The addition of Jonathan Myrick Daniels to the Episcopal calendar of saints was first considered at the 1991 General Convention of the Episcopal Church. It takes the approval of two consecutive conventions for that to happen. I went to the jammed packed hearing held by the convention committee on liturgy. The room was electrified. On the front row sat Ruby Sales prepared to give testimony to the committee. There was a man, a priest, sitting next to me in a wheelchair. We introduced ourselves and soon I learned that he was one of Daniel’s companions in Hayneville on that fateful day who was also shot by the sheriff’s deputy. The blast paralyzed him from the waist down. He too would testify before the committee. He told me that there was still lead lodged in his spine. He said for years he bore this wound with pain, but on this day he said, “I bear it with joy.” 
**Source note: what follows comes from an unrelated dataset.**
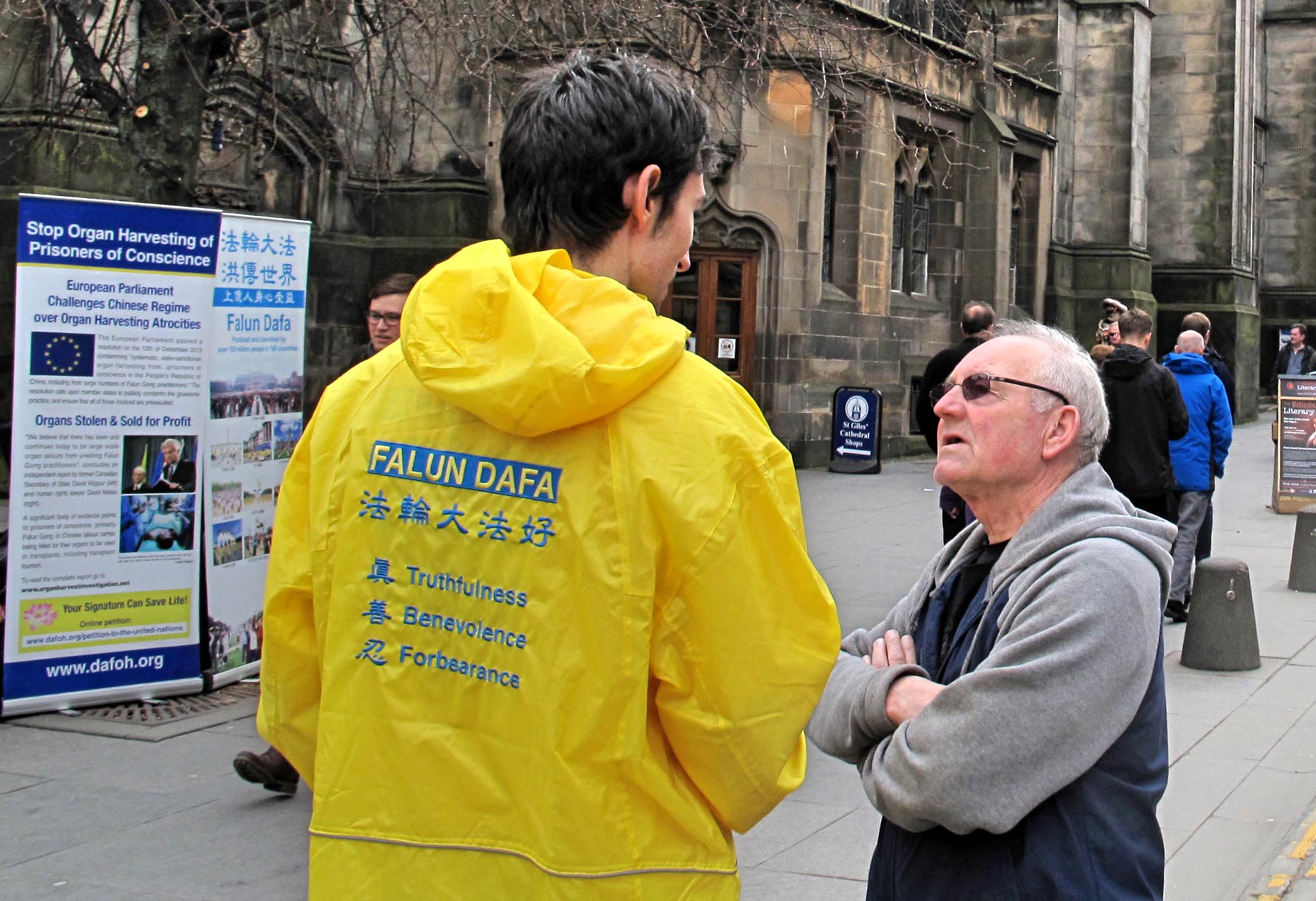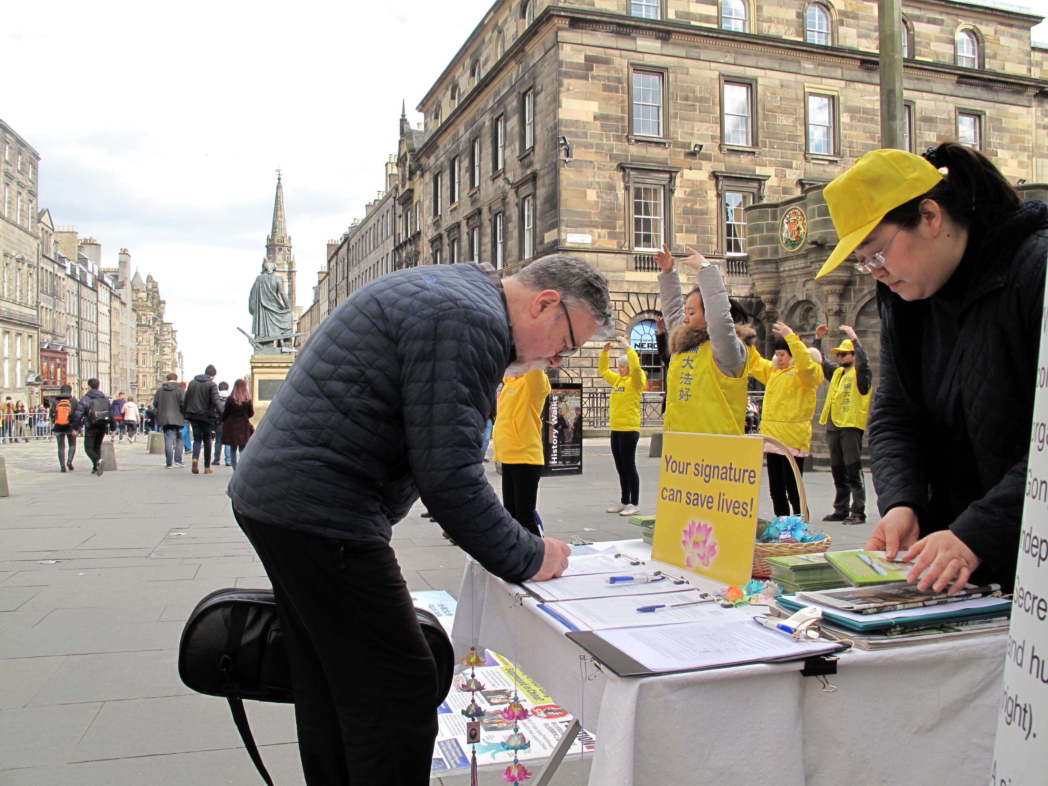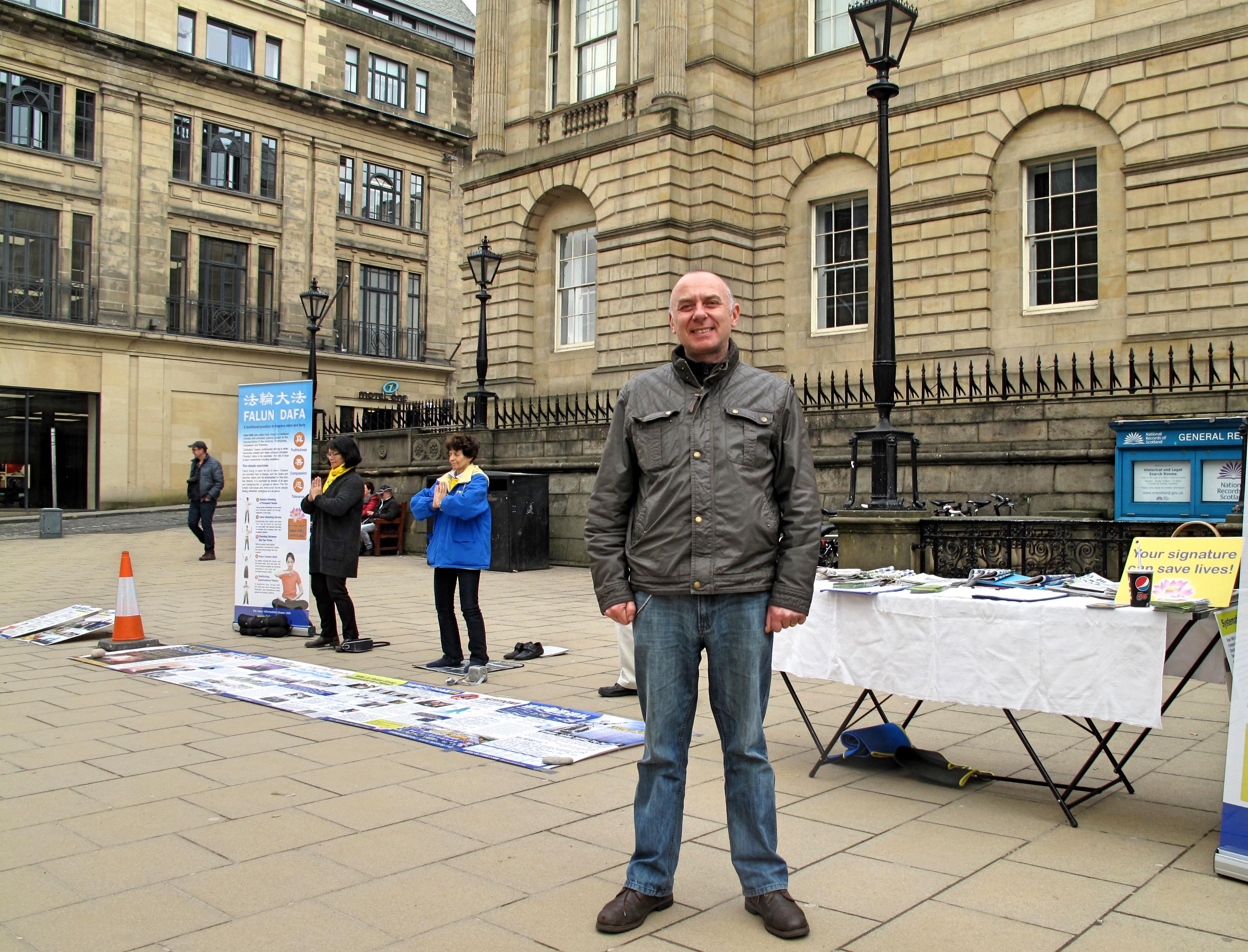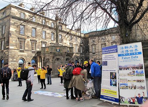一位男士原来在伦敦工作,经常经过中共驻伦敦大使馆,了解法轮功,现在在爱丁堡工作,看到法轮功学员,很惊喜,要去当地炼功点学炼法轮功。

In Daniels’ letter to the Dean of the seminary requesting the leave to go to Lowndes County he mentioned that he was inspired by the words of Mary in the ‘Magnificat’, “He has scattered the proud in the thoughts of their hearts. he has brought down the powerful from their thrones, and lifted up the lowly; he has filled the hungry with good things and sent the rich away empty.” Mary’s song is a song of civil rights; a prophetic song of revolution, of the reordering of society, one in which equality and justice and non-violence and dignity reign supreme. Her song, which governs Luke’s entire narrative, is God’s vision for the world set right. May it govern our lives as it did the life of blessed Jonathan, and may our lives bring to fruition God’s gracious commonweal in which all live under the rubric of true freedom, that for which our sacred scripture cries out….that all may be bestowed with the battle weary but venerable and victorious gift…. Civil Rights.